# TRY IT
Output the complete listing exactly, please, and keep the pictures out of it.

# DATA BELOW
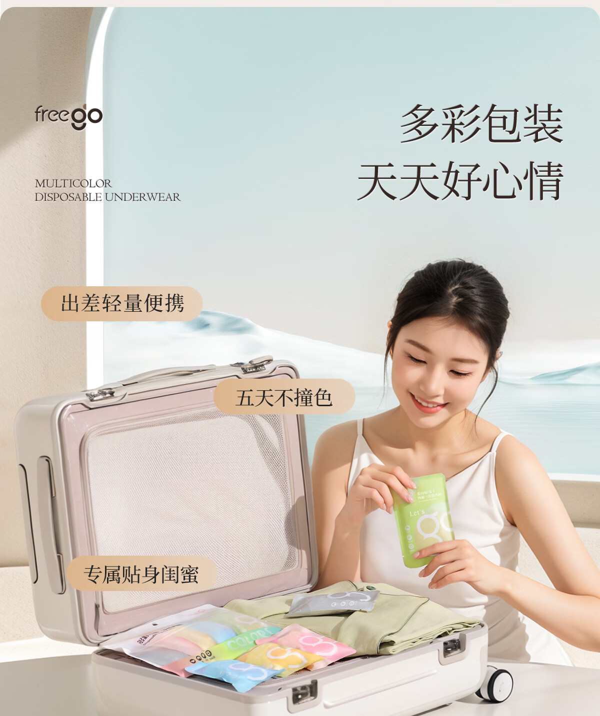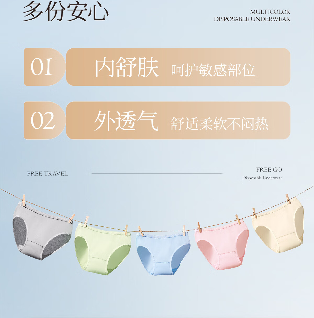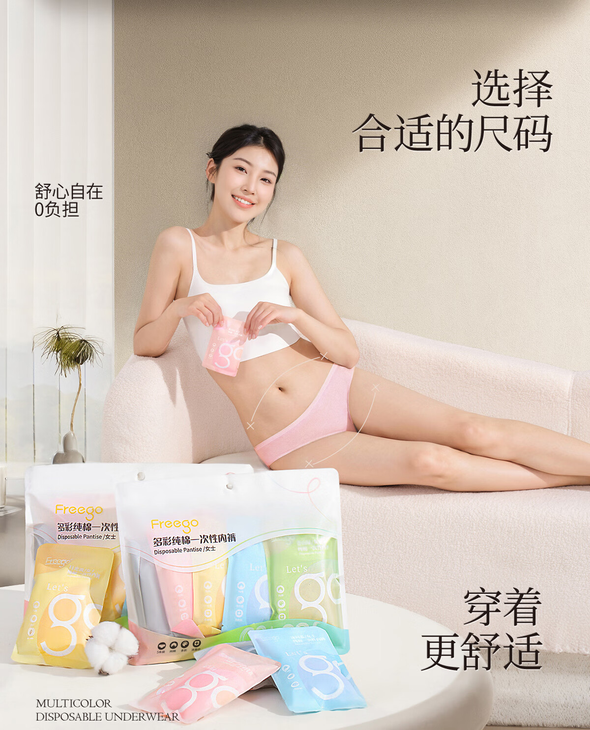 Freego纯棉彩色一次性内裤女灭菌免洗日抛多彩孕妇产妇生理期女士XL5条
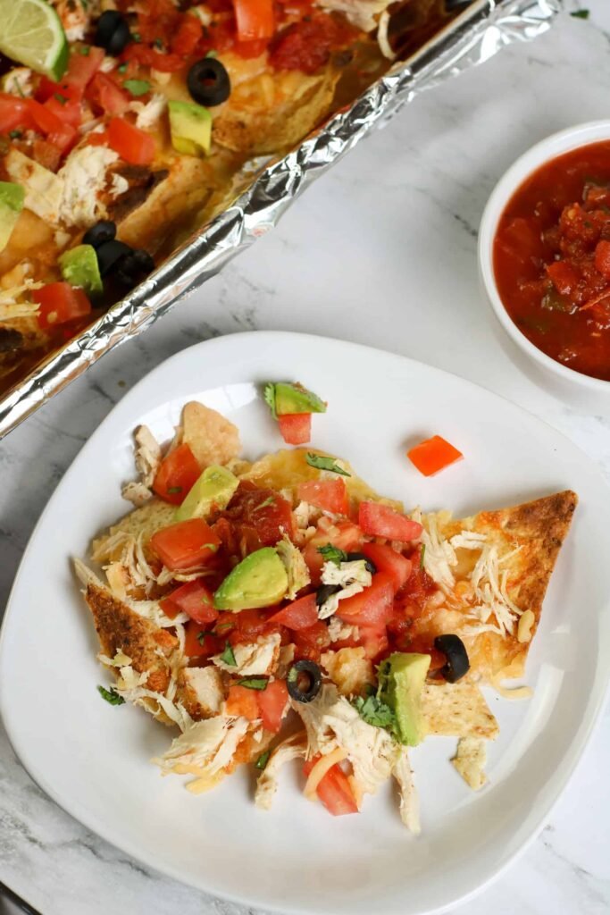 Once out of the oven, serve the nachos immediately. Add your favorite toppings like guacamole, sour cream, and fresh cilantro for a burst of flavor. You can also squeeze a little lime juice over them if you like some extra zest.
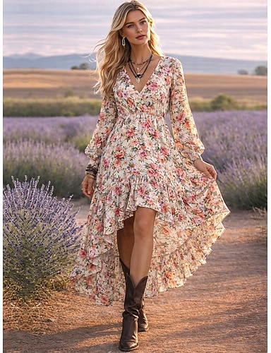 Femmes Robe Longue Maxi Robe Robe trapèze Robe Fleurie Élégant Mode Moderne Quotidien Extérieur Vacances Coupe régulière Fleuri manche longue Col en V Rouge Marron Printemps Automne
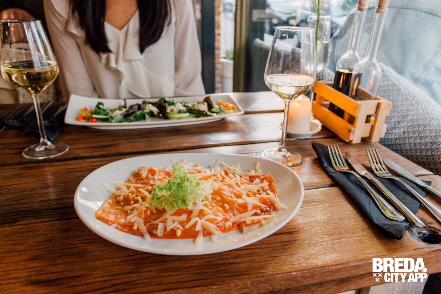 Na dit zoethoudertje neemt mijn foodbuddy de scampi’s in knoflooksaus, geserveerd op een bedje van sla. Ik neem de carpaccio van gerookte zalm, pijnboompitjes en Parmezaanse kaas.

# SOLUTION FOR THIS PROBLEM
 Freego纯棉彩色一次性内裤女灭菌免洗日抛多彩孕妇产妇生理期女士XL5条
 Once out of the oven, serve the nachos immediately. Add your favorite toppings like guacamole, sour cream, and fresh cilantro for a burst of flavor. You can also squeeze a little lime juice over them if you like some extra zest.
 Femmes Robe Longue Maxi Robe Robe trapèze Robe Fleurie Élégant Mode Moderne Quotidien Extérieur Vacances Coupe régulière Fleuri manche longue Col en V Rouge Marron Printemps Automne
 Na dit zoethoudertje neemt mijn foodbuddy de scampi’s in knoflooksaus, geserveerd op een bedje van sla. Ik neem de carpaccio van gerookte zalm, pijnboompitjes en Parmezaanse kaas.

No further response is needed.